# Problem to solve:
Transcribe the listing verbatim. Do not carry over any pictures.

# Collected material:
*** Begin section ***
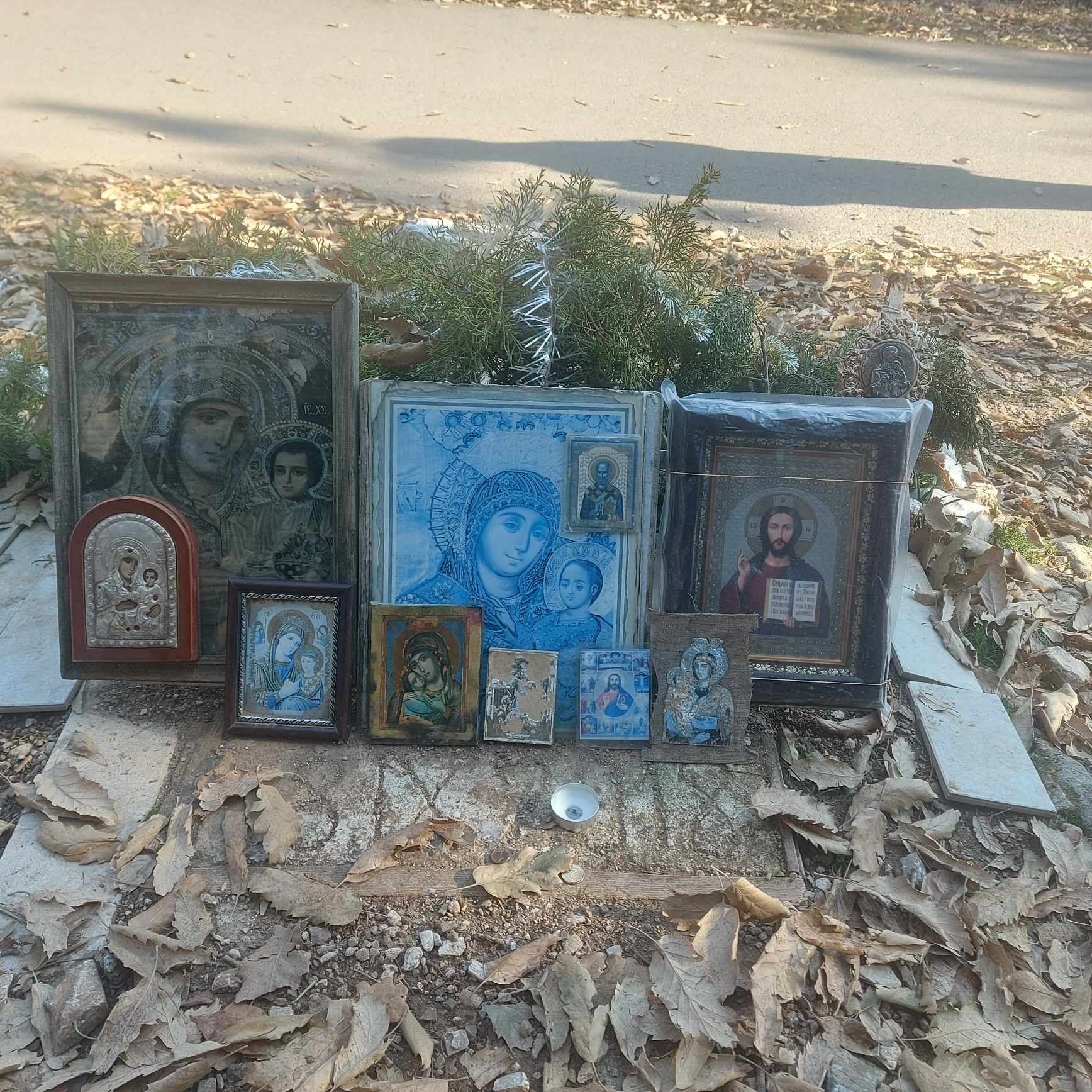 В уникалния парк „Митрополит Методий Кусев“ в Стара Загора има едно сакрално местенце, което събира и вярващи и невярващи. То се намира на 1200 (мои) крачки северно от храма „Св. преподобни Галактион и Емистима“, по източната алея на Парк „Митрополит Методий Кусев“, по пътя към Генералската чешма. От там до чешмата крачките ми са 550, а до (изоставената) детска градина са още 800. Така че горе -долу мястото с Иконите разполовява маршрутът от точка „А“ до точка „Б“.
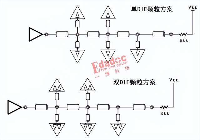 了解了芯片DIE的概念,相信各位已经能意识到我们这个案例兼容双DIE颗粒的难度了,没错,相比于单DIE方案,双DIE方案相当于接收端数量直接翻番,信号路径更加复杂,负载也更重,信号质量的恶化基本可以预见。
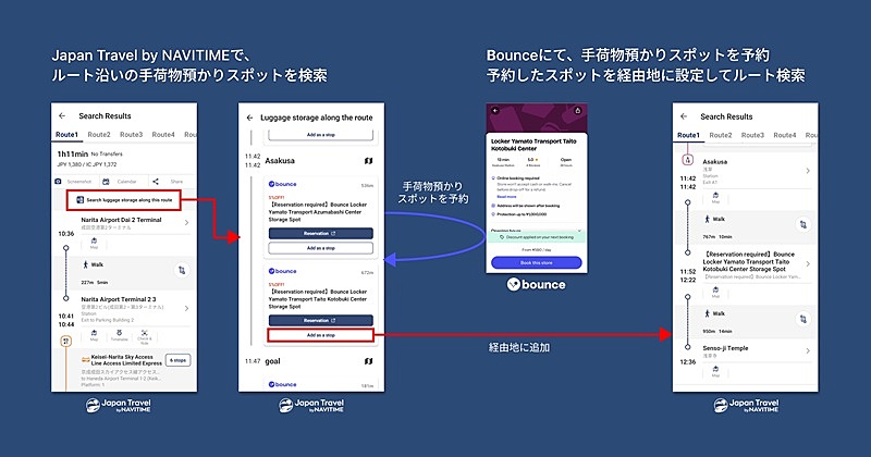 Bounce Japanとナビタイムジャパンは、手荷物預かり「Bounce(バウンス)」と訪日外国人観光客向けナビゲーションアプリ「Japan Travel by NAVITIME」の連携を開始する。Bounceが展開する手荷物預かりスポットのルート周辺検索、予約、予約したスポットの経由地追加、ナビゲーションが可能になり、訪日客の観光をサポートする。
*** End section ***
# Task output:
 В уникалния парк „Митрополит Методий Кусев“ в Стара Загора има едно сакрално местенце, което събира и вярващи и невярващи. То се намира на 1200 (мои) крачки северно от храма „Св. преподобни Галактион и Емистима“, по източната алея на Парк „Митрополит Методий Кусев“, по пътя към Генералската чешма. От там до чешмата крачките ми са 550, а до (изоставената) детска градина са още 800. Така че горе -долу мястото с Иконите разполовява маршрутът от точка „А“ до точка „Б“.
 了解了芯片DIE的概念,相信各位已经能意识到我们这个案例兼容双DIE颗粒的难度了,没错,相比于单DIE方案,双DIE方案相当于接收端数量直接翻番,信号路径更加复杂,负载也更重,信号质量的恶化基本可以预见。
 Bounce Japanとナビタイムジャパンは、手荷物預かり「Bounce(バウンス)」と訪日外国人観光客向けナビゲーションアプリ「Japan Travel by NAVITIME」の連携を開始する。Bounceが展開する手荷物預かりスポットのルート周辺検索、予約、予約したスポットの経由地追加、ナビゲーションが可能になり、訪日客の観光をサポートする。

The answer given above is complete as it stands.